Unknown to the two creators, Gizmo has transported Romie-0 and Julie-8 to a planet of junk named Trash-0-Lot, where the two come face-to-face with an enormous Junk Monster named Sparepartski. The monster has Romie-0 transported to the other side of the planet, but imprisons Julie-8 for his own purposes. Gizmo appears to her shortly afterward, and suggests that she offer to marry the Junk Monster in exchange for Romie-0's freedom off the planet. Julie-8 decides to try this offer, and Sparepartski accepts, much to the girl's displeasure. While happy for Romie-0's release, Julie-8 is saddened over her fate, and removes a necessary circuit, causing her to "die". In the meantime Sparepartski has found Thunderbottom and Passbinder's ship nearby, and taken them prisoner as well.

Unknown to Julie-8, Romie-0 has managed to escape from the other side of the planet, and has made his way to her chambers. Upon finding her with her circuit removed, Romie-0 reinstalls it, and the two attempt to escape. Along their way out, they encounter their creators trussed up, and set about freeing them.

However, their escape does not go unnoticed, and Sparepartski soon starts to chase them across the junkscape. The two robot lovers carry their creators in hopes to get them to safety, but end up locking up when they run into a "rust storm". The immobilization of the two robots causes their creators to carry them out of harm's way.

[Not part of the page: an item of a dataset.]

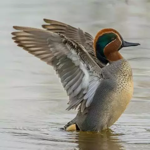 绿翅鸭是小型鸭类,体长37厘米,体重约0.5千克。嘴脚均为黑色。雄鸟头至颈部深栗色,…

The rust storm also claims Sparepartski, who it is then revealed was a giant scrap concoction created and operated by Gizmo. Gizmo reveals his love for machines, and after seeing Julie-8 at the robotics convention, wanted to make her his bride. Romie-0 and Julie-8 then convince Gizmo that with the amount of trash on the planet, he could very well fashion his own sweetheart. Meanwhile, Mr. Thunderbottom and Ms. Passbinder (who have fallen in love with each other) have reconciled their differences, deciding to unite their robotics houses in a merger, much to the delight of Romie-0 and Julie-8.

==Voice cast==
- Greg Swanson as Romie-0
- Donann Cavin as Julie-8
- Max Ferguson as Mr. Thunderbottom
- Marie Aloma as Ms. Passbinder
- Bill Osler as Junk Monster
- Nick Nichols as Gizmo

==Music==
Songs for Romie-0 and Julie-8 were composed by John Sebastian, with musical score by Patricia Cullen, both of whom had also worked on the preceding Nelvana cartoon The Devil and Daniel Mouse. Richard Manuel of The Band is also credited.